さらに、アレルギー対応の重要性についてのお話も印象に残りました。現在では多くの子どもが食物アレルギーを持っており、命に関わる事故を防ぐためには、担任や保護者、調理員、栄養士などが情報を共有し、細心の注意を払う必要があるということを学びました。一人でも確認を怠ると重大な事故につながる可能性があるので、学校全体で連携することの大切さを改めて感じました。
また、「子どもたちは家では食べない野菜でも、学校では友達と一緒なら食べられることがある」というお話も心に残りました。給食は栄養を補うだけではなく、苦手な食べ物に挑戦したり、食べる楽しさを感じたりする機会にもなっていることが分かりました。子どもたちの成長を近くで見ることができることが、栄養士としてのやりがいだという言葉からも、子ども一人一人に寄り添いながら仕事をしていることが伝わってきました。

専門職の方々との連携の大切さ
私は将来小学校教員を目指しているので、今回のご講話を通して、教師も栄養士と協力しながら子どもの成長を支えていくことが大切だということを強く感じました。学級担任だけで子どもを育てるのではなく、栄養士や調理員、養護教諭など多くの専門職と連携することで、よりよい教育につながるということを学びました。また、給食の時間を単なる食事の時間として終わらせるのではなく、食材や生産者への感謝、食事のマナー、栄養の大切さなどを、子どもたちと一緒に考える時間にしたいと思いました。
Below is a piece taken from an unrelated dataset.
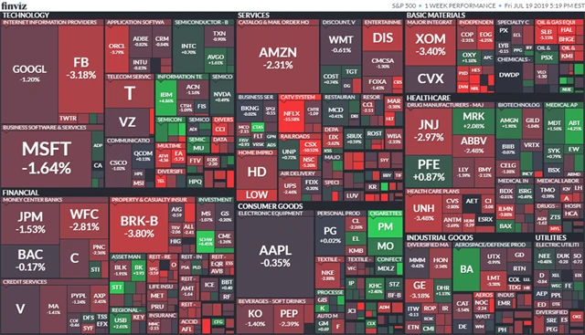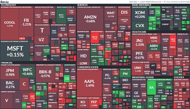 Trhy v pátek nejprve rostly díky výsledkům hospodaření Microsoftu (+0,15 %). Akcie společnosti během dne stouply až na rekordních více než 140 dolarů, nakonec však uzavřely pouze s mírným ziskem. Posílily také akcie výrobce letadel Boeing (+4,50 %). Firma oznámila, že kvůli problémům s letadly 737 MAX odepíše 4,9 miliardy USD, investoři však zřejmě čekali mnohem vyšší ztráty. Akcie American Express (-2,79 %) však kvůli varování před vyššími provozními náklady oslabily.

今回のご講話から、栄養士は「食」を通して子どもの心と体の成長を支える重要な存在であるということを学びました。そして、学校給食は子どもたちの健康を守るだけではなく、生きる力を育てる「生きた教材」であるということも理解することができました。教師になった時には、栄養士との連携を大切にしながら、給食の時間も子どもたちにとって学びのある充実した時間となるような学級づくりをしていきたいと思いました。